> ABOUT THIS TASK
Images excluded, return every record exactly as it reads.

> EXERCISE DATA
[Start of section]

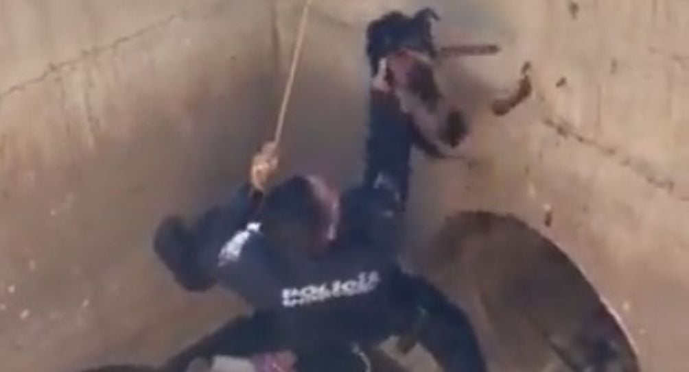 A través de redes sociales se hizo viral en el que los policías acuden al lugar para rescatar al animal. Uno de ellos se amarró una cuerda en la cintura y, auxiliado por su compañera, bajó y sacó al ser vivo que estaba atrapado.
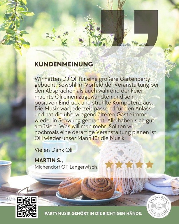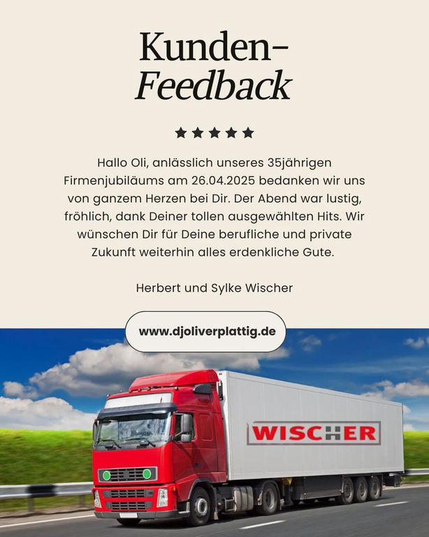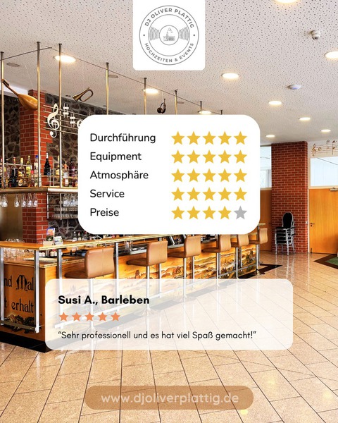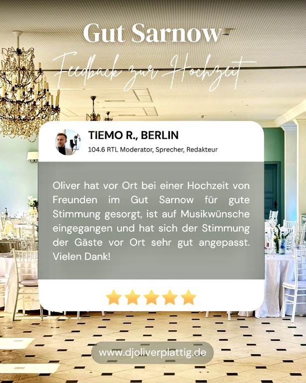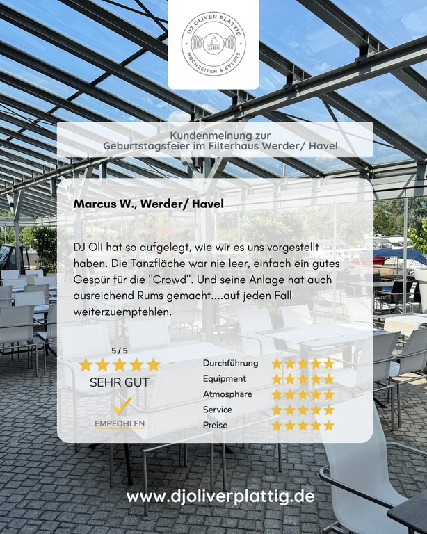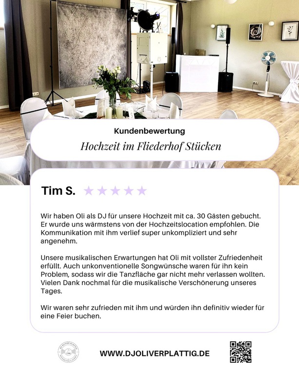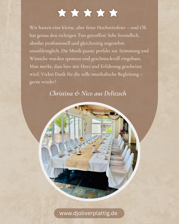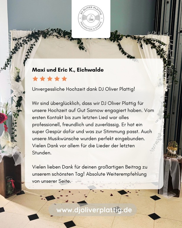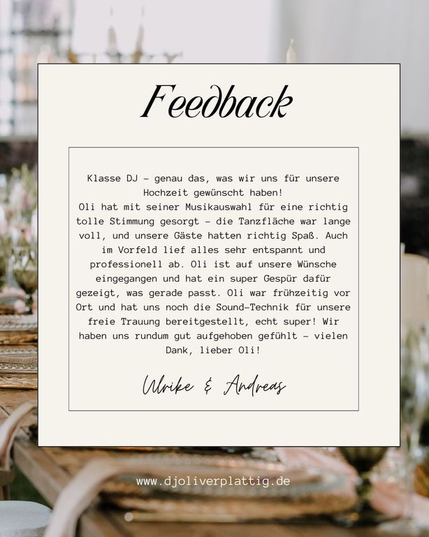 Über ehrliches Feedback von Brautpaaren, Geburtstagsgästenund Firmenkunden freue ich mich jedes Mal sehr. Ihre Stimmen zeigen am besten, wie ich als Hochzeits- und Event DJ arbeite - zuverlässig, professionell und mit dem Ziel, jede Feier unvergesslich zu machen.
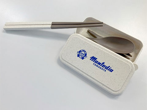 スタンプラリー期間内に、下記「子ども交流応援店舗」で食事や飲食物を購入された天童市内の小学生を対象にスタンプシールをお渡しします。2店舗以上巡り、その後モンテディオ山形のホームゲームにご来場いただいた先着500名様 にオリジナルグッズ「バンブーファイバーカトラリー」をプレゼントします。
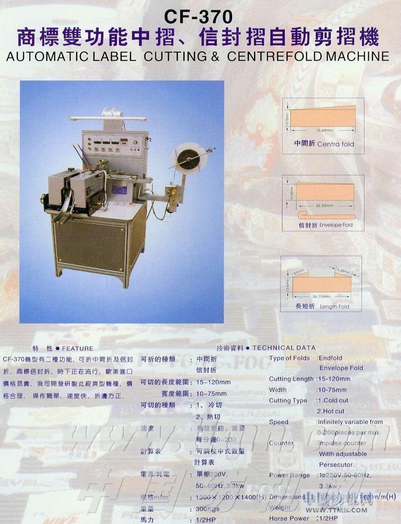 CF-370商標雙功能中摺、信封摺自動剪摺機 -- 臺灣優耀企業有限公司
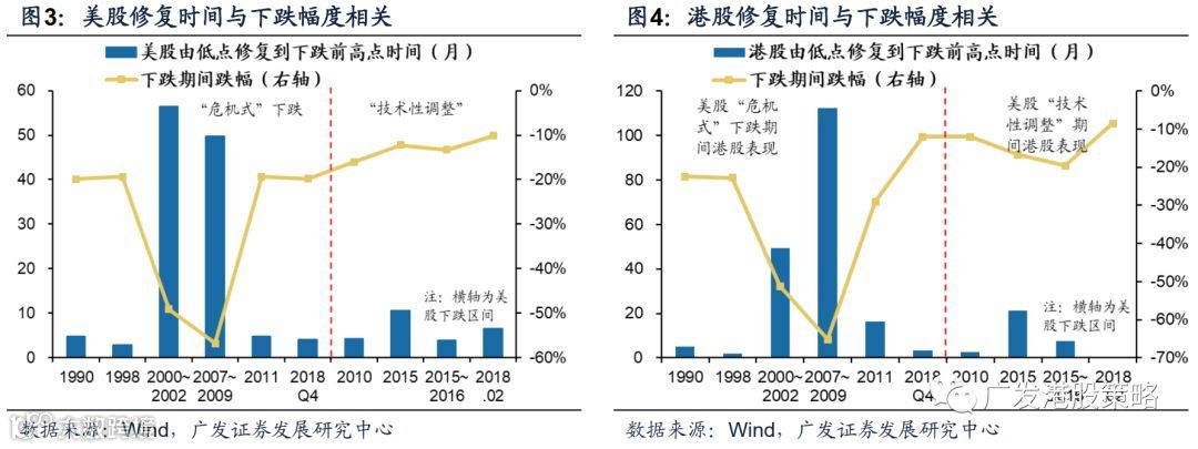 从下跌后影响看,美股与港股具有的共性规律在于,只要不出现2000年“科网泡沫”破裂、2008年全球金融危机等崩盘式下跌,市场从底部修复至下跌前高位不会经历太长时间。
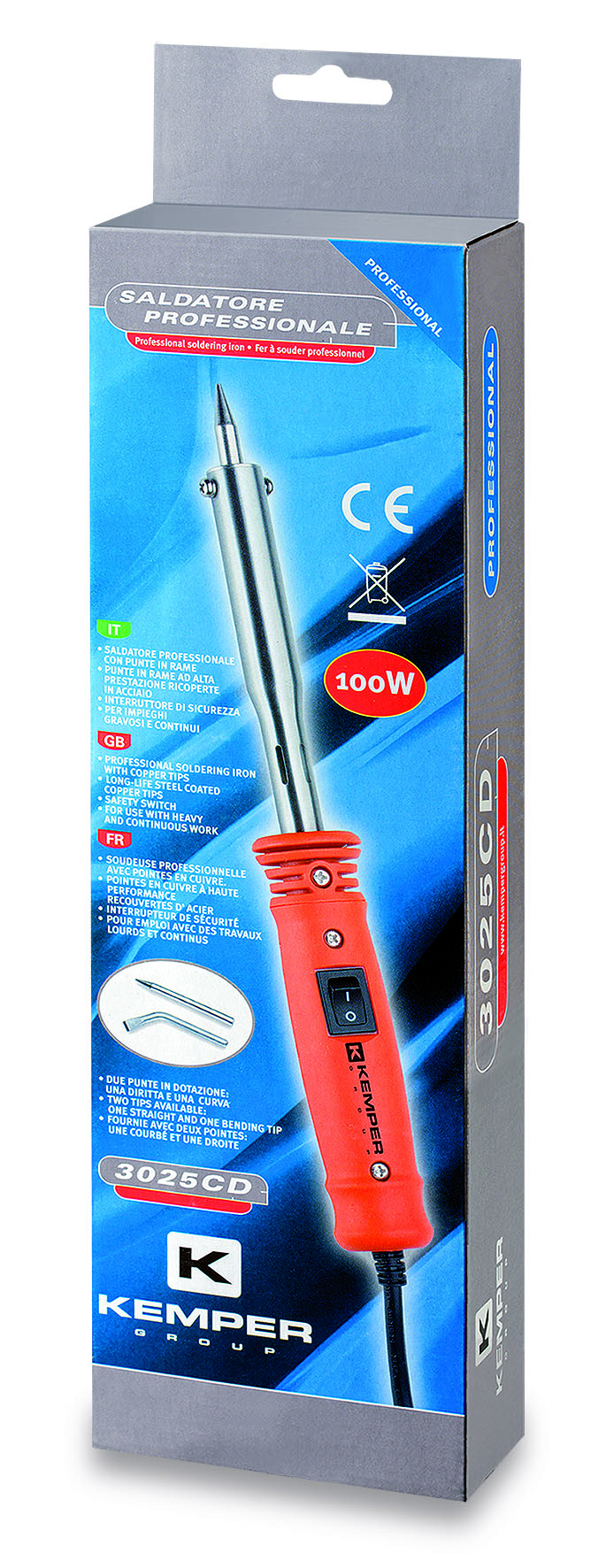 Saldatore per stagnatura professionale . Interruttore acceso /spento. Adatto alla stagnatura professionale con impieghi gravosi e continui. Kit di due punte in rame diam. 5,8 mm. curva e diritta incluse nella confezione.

[End of section]

> RESULT
 A través de redes sociales se hizo viral en el que los policías acuden al lugar para rescatar al animal. Uno de ellos se amarró una cuerda en la cintura y, auxiliado por su compañera, bajó y sacó al ser vivo que estaba atrapado.
 Über ehrliches Feedback von Brautpaaren, Geburtstagsgästenund Firmenkunden freue ich mich jedes Mal sehr. Ihre Stimmen zeigen am besten, wie ich als Hochzeits- und Event DJ arbeite - zuverlässig, professionell und mit dem Ziel, jede Feier unvergesslich zu machen.
 スタンプラリー期間内に、下記「子ども交流応援店舗」で食事や飲食物を購入された天童市内の小学生を対象にスタンプシールをお渡しします。2店舗以上巡り、その後モンテディオ山形のホームゲームにご来場いただいた先着500名様 にオリジナルグッズ「バンブーファイバーカトラリー」をプレゼントします。
 CF-370商標雙功能中摺、信封摺自動剪摺機 -- 臺灣優耀企業有限公司
 从下跌后影响看,美股与港股具有的共性规律在于,只要不出现2000年“科网泡沫”破裂、2008年全球金融危机等崩盘式下跌,市场从底部修复至下跌前高位不会经历太长时间。
 Saldatore per stagnatura professionale . Interruttore acceso /spento. Adatto alla stagnatura professionale con impieghi gravosi e continui. Kit di due punte in rame diam. 5,8 mm. curva e diritta incluse nella confezione.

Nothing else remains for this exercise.